She was sad Jamie had to go away on a course almost as soon as they moved in. Livvie had hated the thought of him going. Three months seemed like such a long time but she’d coped. It had been really difficult at first but she’d grown used to it and set about settling into the flat unpacking their stuff and arranging what little furniture they had. There wasn’t much space at all but she’d managed to find a home for the important things, Jamie’s rugby trophies and a small shelf for her poetry books.
Normally, when Jamie was around Livvie would spend Saturdays watching him play rugby, with Livvie feigning more interest than she actually felt, trying hard to remember the rules and positions of the players. The games weren’t too bad but it was the evenings in the club house afterwards that sometimes got a bit too much for Livvie developing into raucous boisterous affairs.

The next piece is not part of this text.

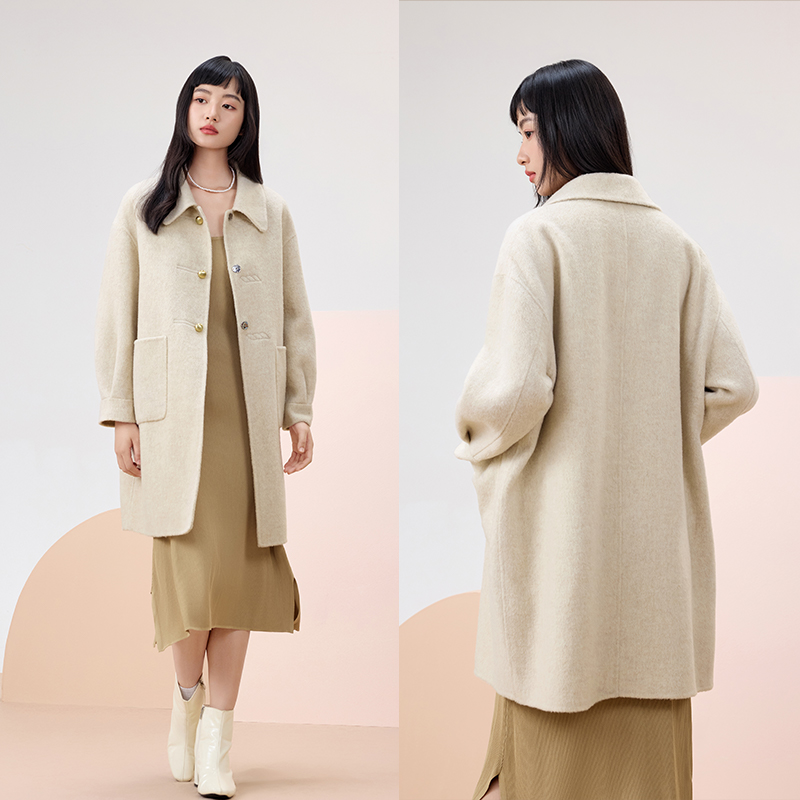 爱居兔全羊毛双面呢大衣女冬季新款温柔米色时尚中长款外套
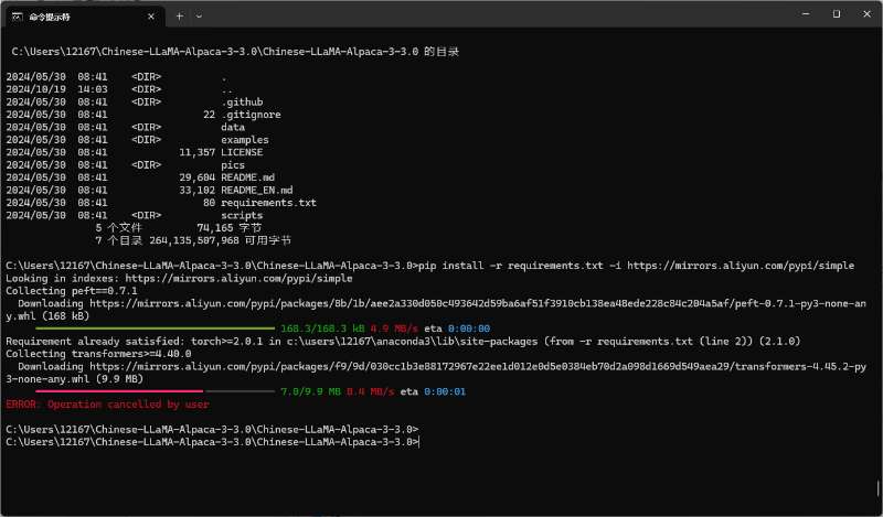 【求助贴】requirements.txt文件已存在Chinese-LLaMA-Alpaca-3-3.0目录下但是依旧无法运行。 #231

Now with Jamie away she’d taken advantage of his absence to join a poetry class instead. Livvie enjoyed her poetry group. It was a delight to discover others who loved reading poetry as much as she did, to share thoughts and ideas. She learnt so much from talking with them, these people of different ages and backgrounds. Livvie gradually made friends with a few of them and looked forward to mooching down to the local pub after class to carry on their discussions for a few hours more.
One evening she found herself sitting next to Alec. She wasn’t too sure about him – he seemed a bit miserable and stand-offish in class. He didn’t say much during their group discussions but when he did he was invariably worth listening to and came across as very well read and deep thinking. Now sitting next to him Livvie felt there was nothing for it; she had to say something and, predictably maybe, started by asking him about his favourite poets. So he told her of all that he loved, he quoted verses to her, became animated. He introduced her to Herrick, spoke to her of Hughes and they discovered their shared love of Eliot.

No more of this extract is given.